Please transcribe the records precisely; pictures stay out of your copy.
**** AVAILABLE DATA
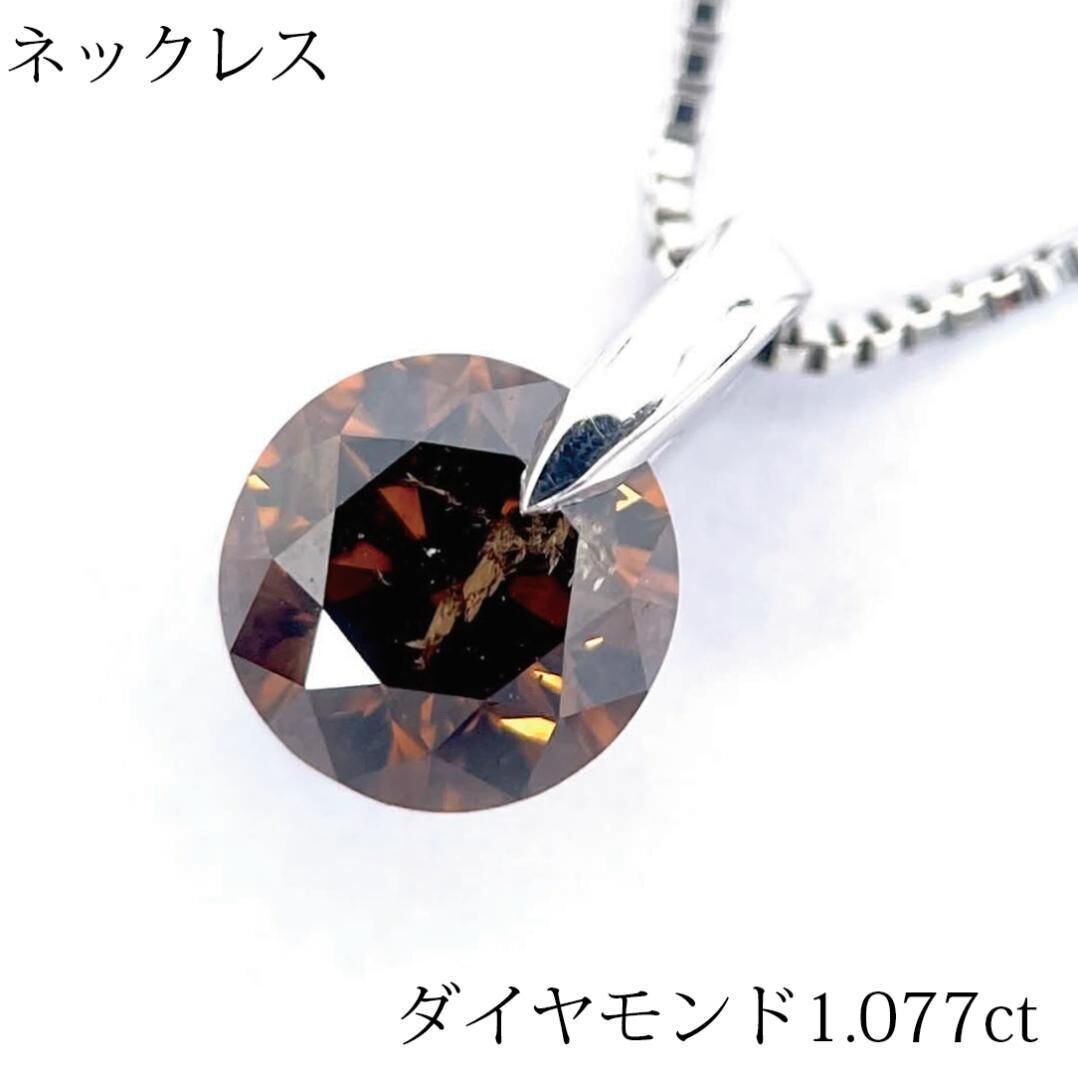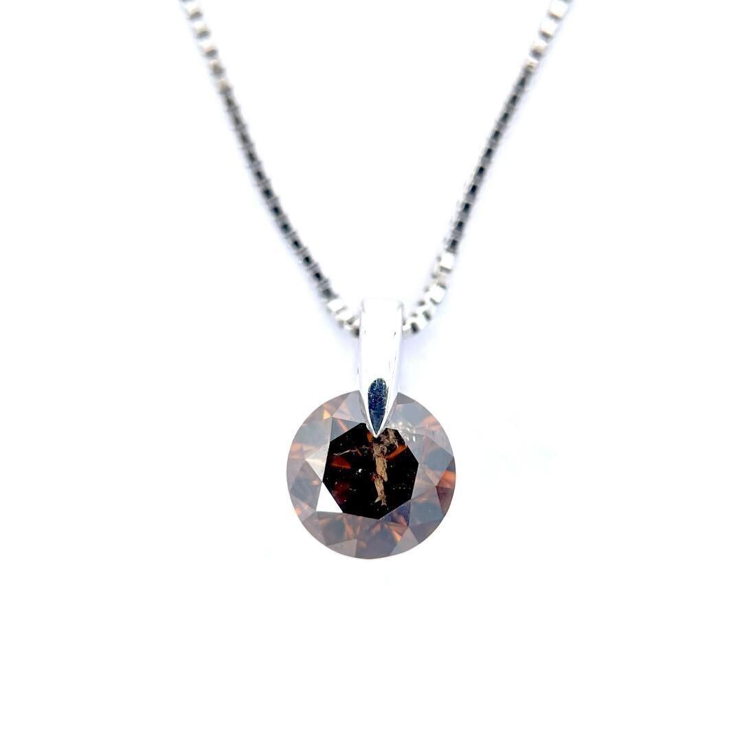 ブラウンダイヤモンド 1.077ct ペンダントネックレス K18WG Pt850 一粒 ジュエリー プラチナ ホワイトゴールド
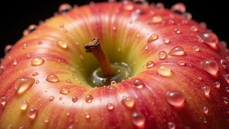 This close-up image captures a fresh red apple adorned with glistening water droplets, highlighting its vibrant color and natural texture, perfect for food-related content.
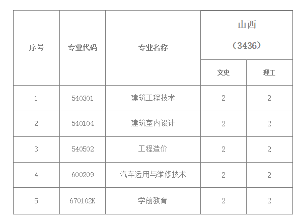 云南城市建設職業學院2018年高職(專科)山西分專業計劃表 填報志愿代碼3436
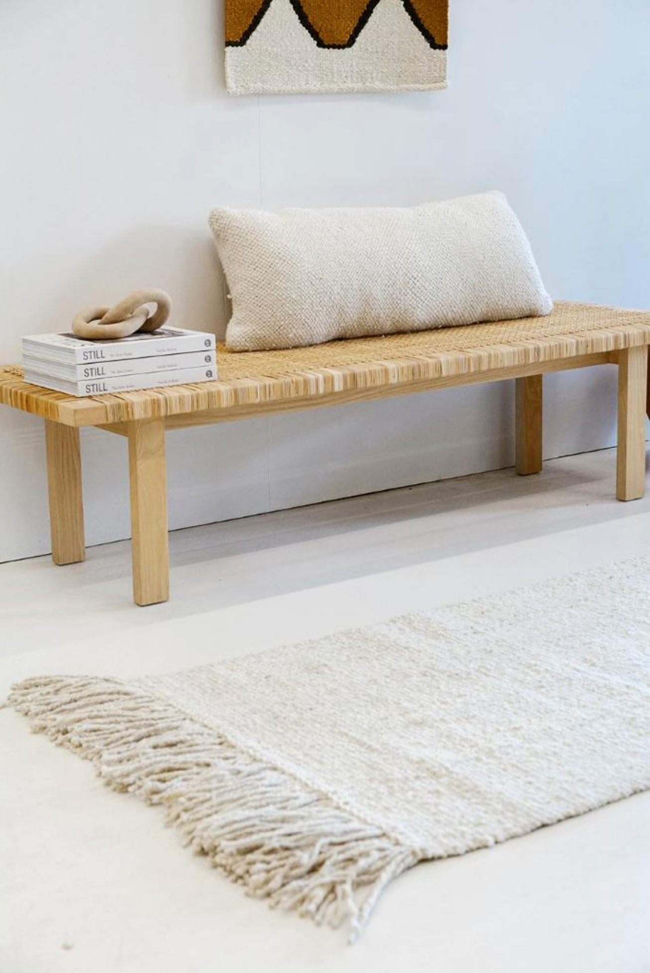 Todas las alfombras de Pampa están tejidas con fibras naturales finas y de alta calidad, y cada paso del proceso se realiza a mano, lo que hace que cada pieza sea única.Nuestras alfombras se tejen siguiendo técnicas tradicionales ancestrales, donde los telares suelen tener el ancho aproximado de los brazos extendidos del tejedor, dependiendo de esa medida, la alfombra puede tener una o más uniones discretas donde se ensamblan los paños. Estas uniones son un detalle bello y característico del trabajo hecho a mano.
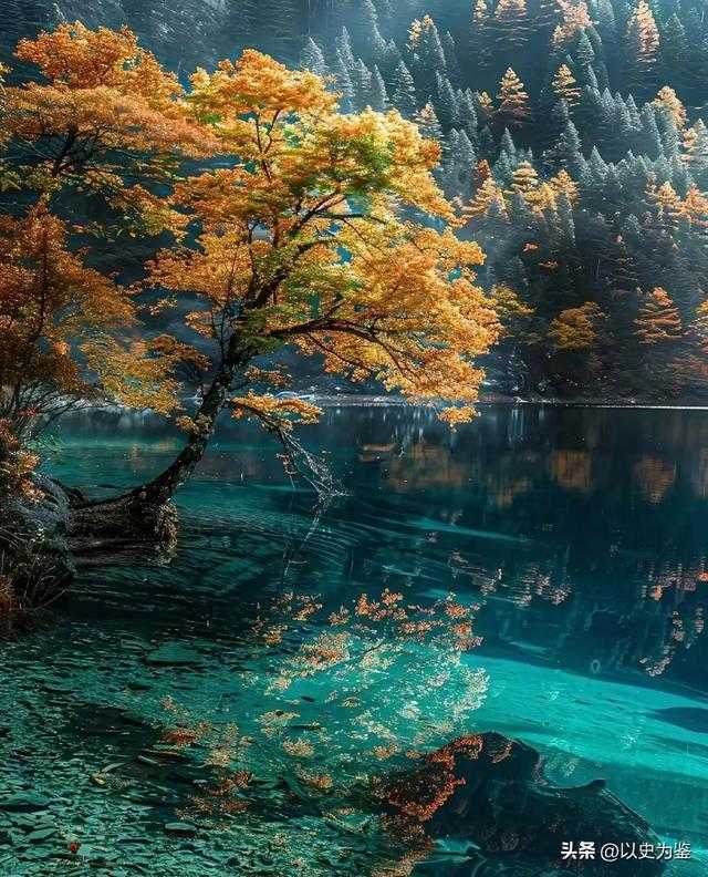 自然奇观:第四纪冰川雕琢出钙化瀑布与碧蓝海子,秋日五彩林倒映水面,被诗人肖草赞为“九寨归来不看水”。
********
- _EXERCISE SOLUTION_
 ブラウンダイヤモンド 1.077ct ペンダントネックレス K18WG Pt850 一粒 ジュエリー プラチナ ホワイトゴールド
 This close-up image captures a fresh red apple adorned with glistening water droplets, highlighting its vibrant color and natural texture, perfect for food-related content.
 云南城市建設職業學院2018年高職(專科)山西分專業計劃表 填報志愿代碼3436
 Todas las alfombras de Pampa están tejidas con fibras naturales finas y de alta calidad, y cada paso del proceso se realiza a mano, lo que hace que cada pieza sea única.Nuestras alfombras se tejen siguiendo técnicas tradicionales ancestrales, donde los telares suelen tener el ancho aproximado de los brazos extendidos del tejedor, dependiendo de esa medida, la alfombra puede tener una o más uniones discretas donde se ensamblan los paños. Estas uniones son un detalle bello y característico del trabajo hecho a mano.
 自然奇观:第四纪冰川雕琢出钙化瀑布与碧蓝海子,秋日五彩林倒映水面,被诗人肖草赞为“九寨归来不看水”。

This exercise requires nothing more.